Critics feel Russia has been treated too generously in being allowed to deliver data 10 days late, and are skeptical Russia will be fully held to account for the biggest doping scandal in sporting history

A team of three WADA officials is in Moscow and has begun the process of retrieving data from the RUSADA Laboratory, according to a report on the Inside the Games site. A larger team was turned away last month when Russia declared the tools to be used were not compliant with Russian law, but an “understanding” has now been reached and Russian officials are working alongside WADA staff to get the data transferred.

RELATED: Dick Pound refers to critics of WADA as a lynch mob 


There is no indication how long the process is expected to take. Meanwhile, WADA’s Compliance Review Committee is scheduled to meet in Montreal on Monday and Tuesday to discuss possible consequences for Russia having missed the December 31 deadline for the data to be handed over, imposed as a condition of its controversial re-instatement in September 2018. The CRC will then make recommendations to the executive committee.
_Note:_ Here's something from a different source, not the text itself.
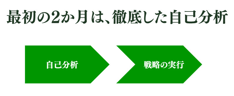 このコンサルティングでは、最初の2か月間をかけて、対話形式で徹底的な自己分析を行います。自己分析を通して、あなたの強みや価値観、そして行動妨げている無意識なブレーキを特定します。結果、なぜ売上が上がらなかったのかを根本から理解し、あなただけの成功法則を確立します。

The CRC was loudly criticized by USADA head Travis Tygart, Swedish Winter Olympian biathlete Sebastian Samuelsson and others for not immediately meeting and recommending the Russian ban be re-imposed after the missed deadline. In response, the WADA’s Canadian founding president, Richard Pound, lashed back, likening critics to a lynch mob and insisting that due process be followed.

Richard Pound

Tygart has made reference to 9,000 potential doping violations by 4,000 Russian athletes. Critics have expressed skepticism over the integrity of the data now being extracted in Moscow, as well as over the likelihood of sanctions being imposed for the missed deadline.